**WHAT YOU NEED TO DO:**
Your output should be the lines below from the one with "After creating this" through the one with "VDEX-WHIP 3-Way Whip Hose", copied exactly, pictures excluded.

**DATA PROVIDED:**
◇ ◇ ◇ ◇ ◇ ◇ ◇

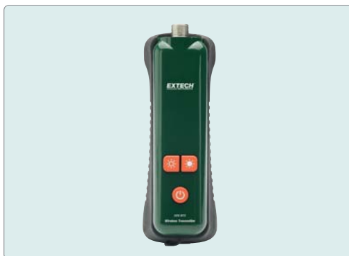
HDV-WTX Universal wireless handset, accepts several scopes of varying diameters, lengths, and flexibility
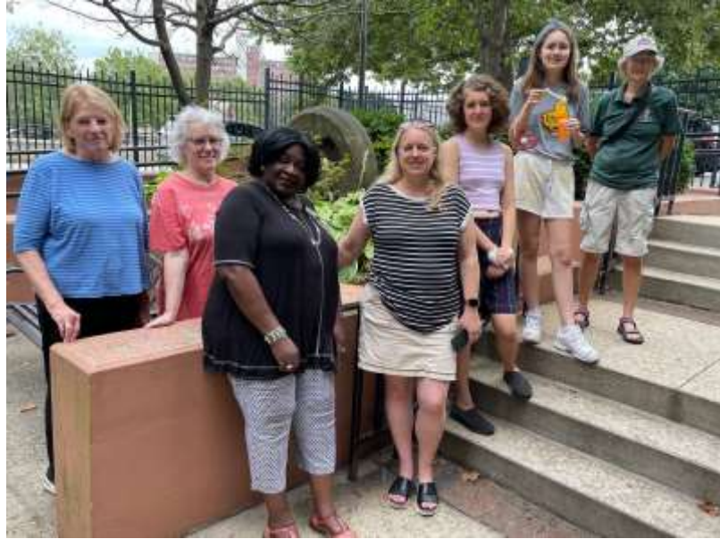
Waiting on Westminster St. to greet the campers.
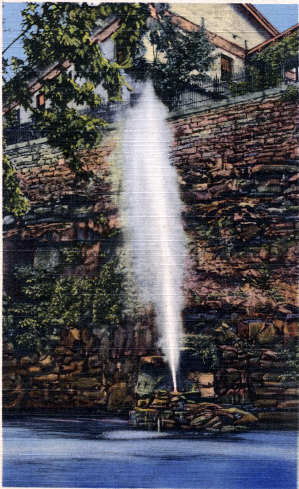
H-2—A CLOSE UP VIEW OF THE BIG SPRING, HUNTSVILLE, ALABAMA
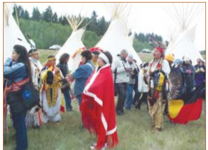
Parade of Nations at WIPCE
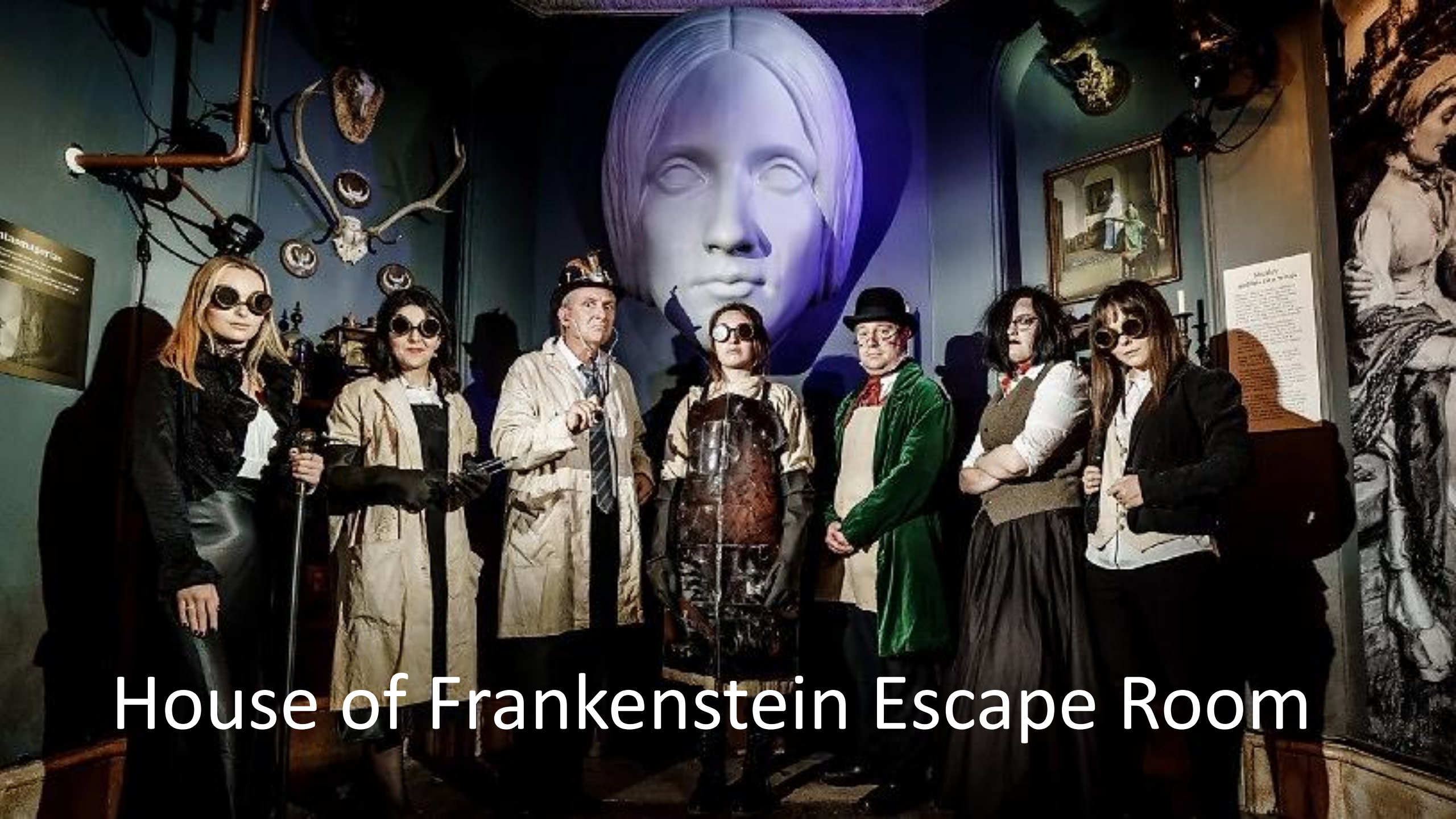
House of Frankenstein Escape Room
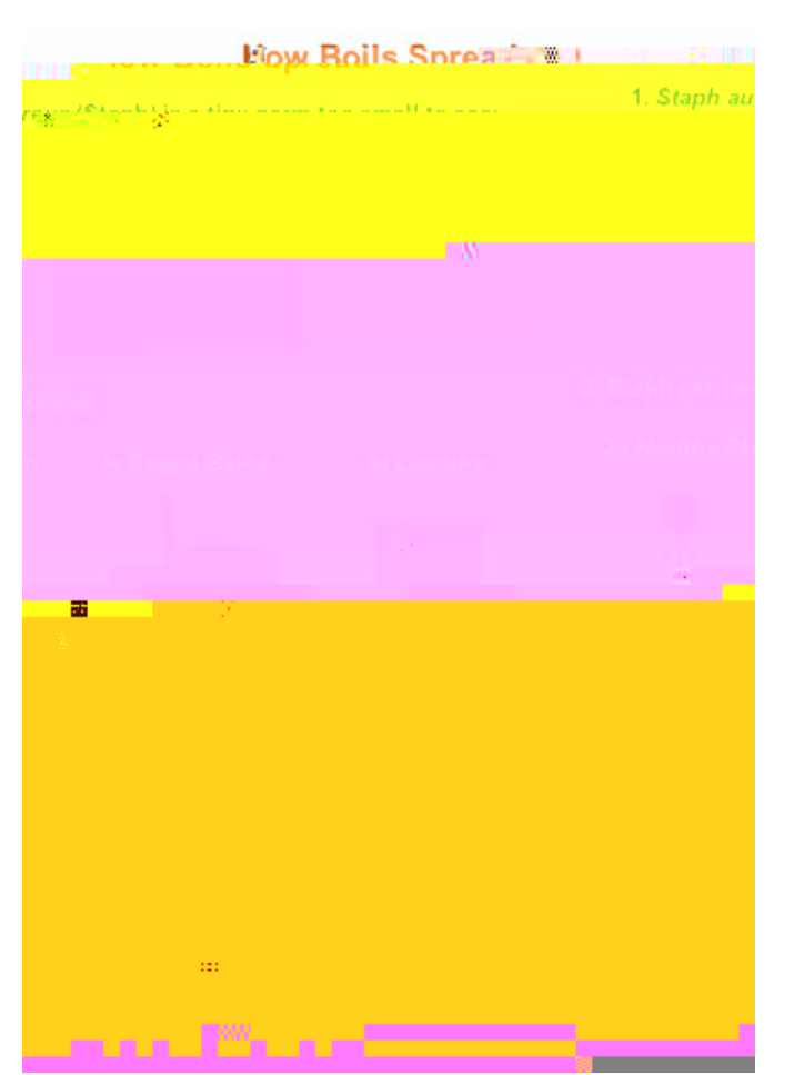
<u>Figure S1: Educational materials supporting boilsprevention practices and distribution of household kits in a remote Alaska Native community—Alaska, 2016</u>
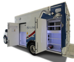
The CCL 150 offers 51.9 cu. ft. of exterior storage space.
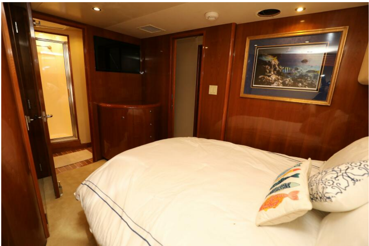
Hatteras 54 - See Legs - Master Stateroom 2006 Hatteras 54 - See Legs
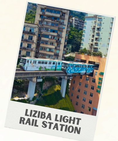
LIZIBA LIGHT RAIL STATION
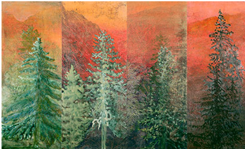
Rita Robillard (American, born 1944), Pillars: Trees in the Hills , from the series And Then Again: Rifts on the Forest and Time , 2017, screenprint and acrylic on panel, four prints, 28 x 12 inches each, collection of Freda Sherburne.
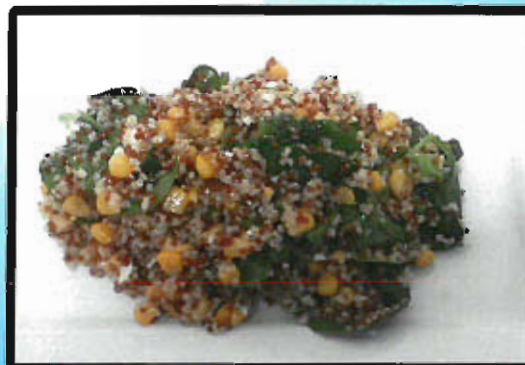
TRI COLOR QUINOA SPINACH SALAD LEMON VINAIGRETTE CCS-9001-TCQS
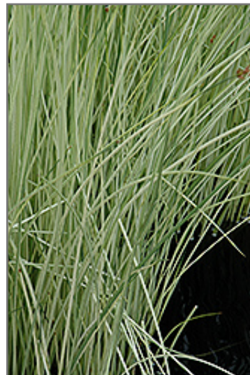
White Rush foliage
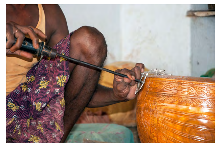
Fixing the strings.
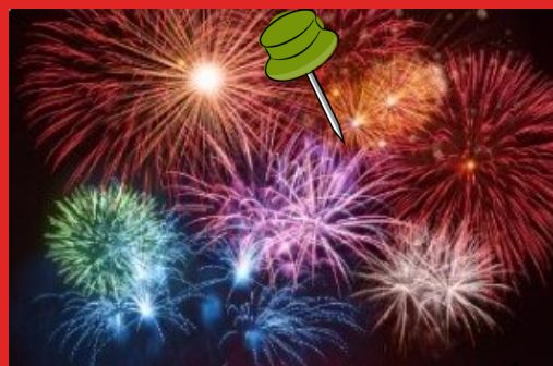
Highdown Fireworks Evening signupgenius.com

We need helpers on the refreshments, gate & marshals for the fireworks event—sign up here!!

◇ ◇ ◇ ◇ ◇ ◇ ◇

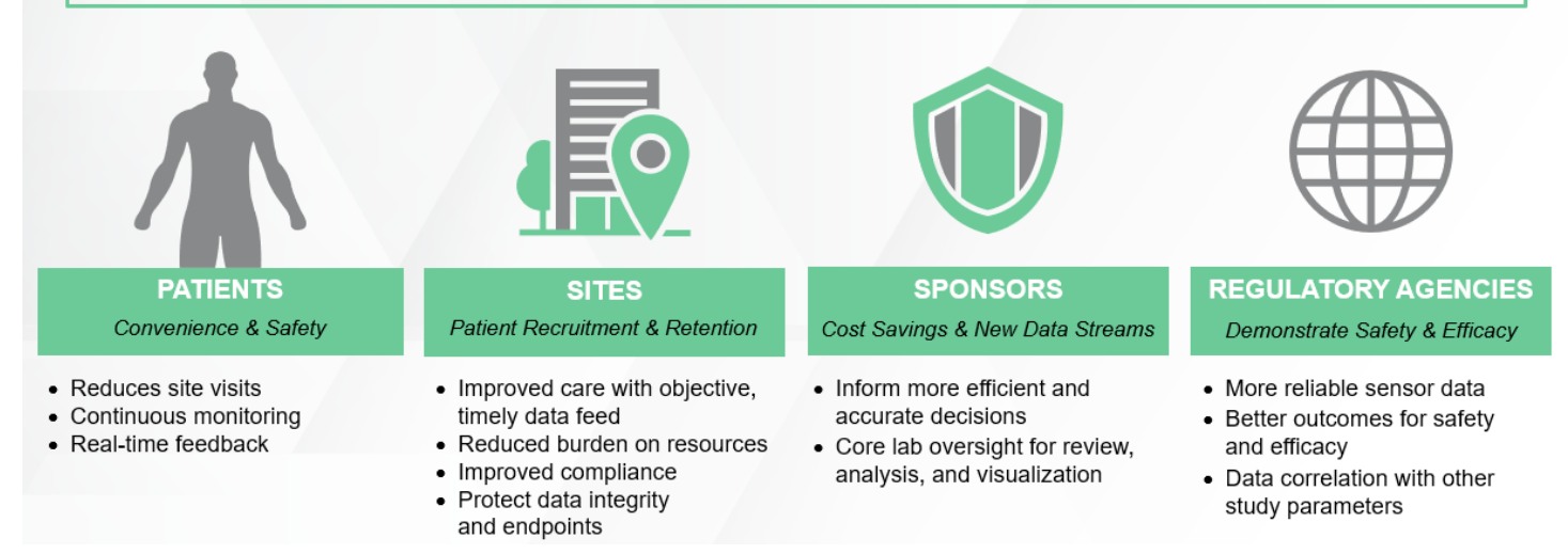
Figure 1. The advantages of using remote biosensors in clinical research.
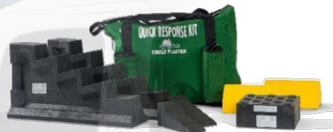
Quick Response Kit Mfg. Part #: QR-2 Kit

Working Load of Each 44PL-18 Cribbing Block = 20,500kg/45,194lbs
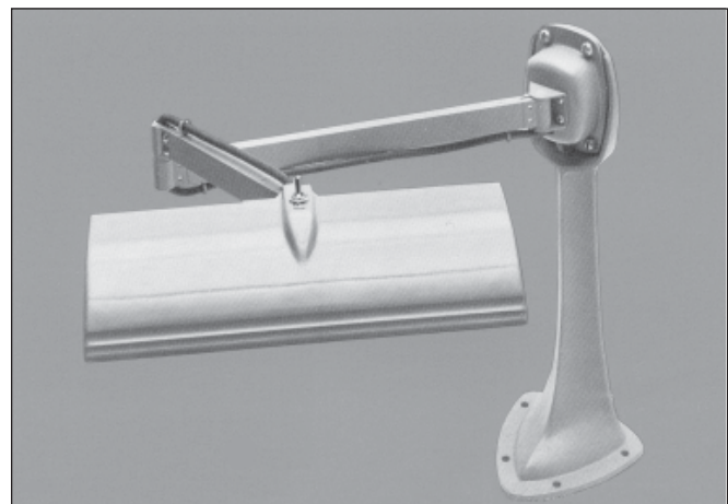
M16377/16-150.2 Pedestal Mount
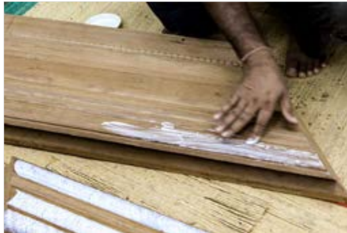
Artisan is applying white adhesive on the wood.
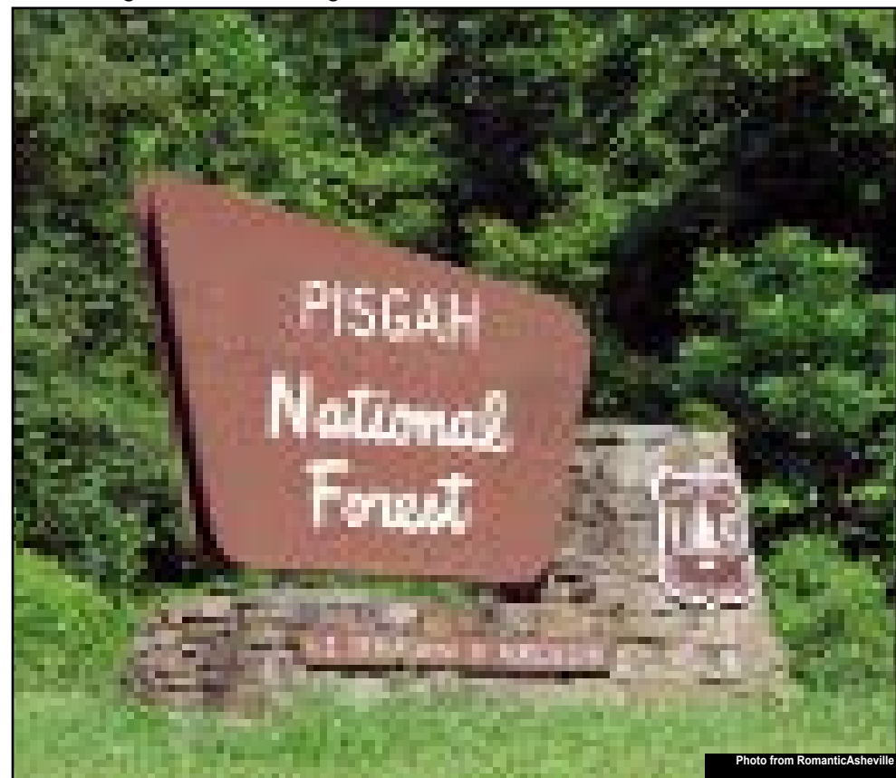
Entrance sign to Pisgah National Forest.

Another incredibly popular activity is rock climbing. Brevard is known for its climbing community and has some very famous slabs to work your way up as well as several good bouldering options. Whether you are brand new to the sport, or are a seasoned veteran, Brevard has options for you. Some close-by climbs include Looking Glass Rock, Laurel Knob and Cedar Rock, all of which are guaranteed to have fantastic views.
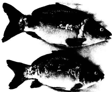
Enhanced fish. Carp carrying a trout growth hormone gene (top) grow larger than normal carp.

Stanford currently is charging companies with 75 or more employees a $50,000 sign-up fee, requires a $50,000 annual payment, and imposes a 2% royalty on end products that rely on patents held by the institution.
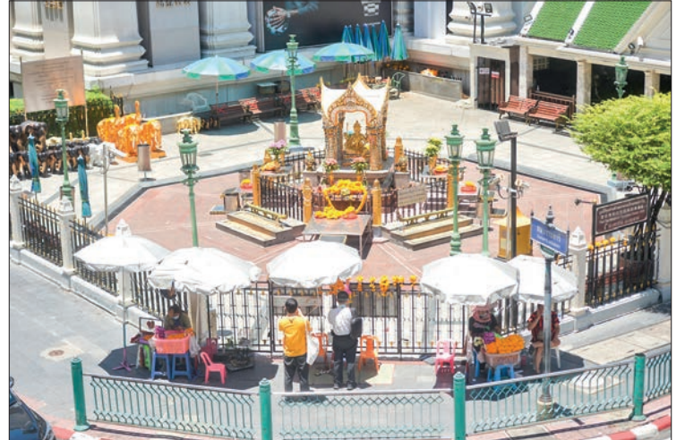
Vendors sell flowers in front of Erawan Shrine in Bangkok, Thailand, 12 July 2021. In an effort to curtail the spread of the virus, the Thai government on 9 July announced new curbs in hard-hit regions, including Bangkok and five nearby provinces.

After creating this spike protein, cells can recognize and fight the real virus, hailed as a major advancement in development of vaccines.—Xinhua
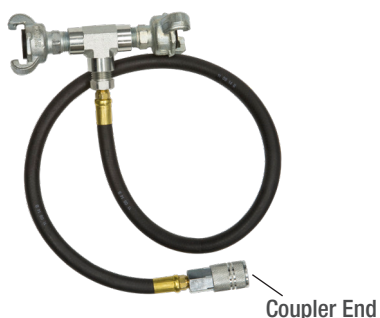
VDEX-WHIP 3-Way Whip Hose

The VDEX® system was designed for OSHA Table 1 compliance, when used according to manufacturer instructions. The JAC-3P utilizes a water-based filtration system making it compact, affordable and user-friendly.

◇ ◇ ◇ ◇ ◇ ◇ ◇

**ANSWER BOX:**
After creating this spike protein, cells can recognize and fight the real virus, hailed as a major advancement in development of vaccines.—Xinhua
VDEX-WHIP 3-Way Whip Hose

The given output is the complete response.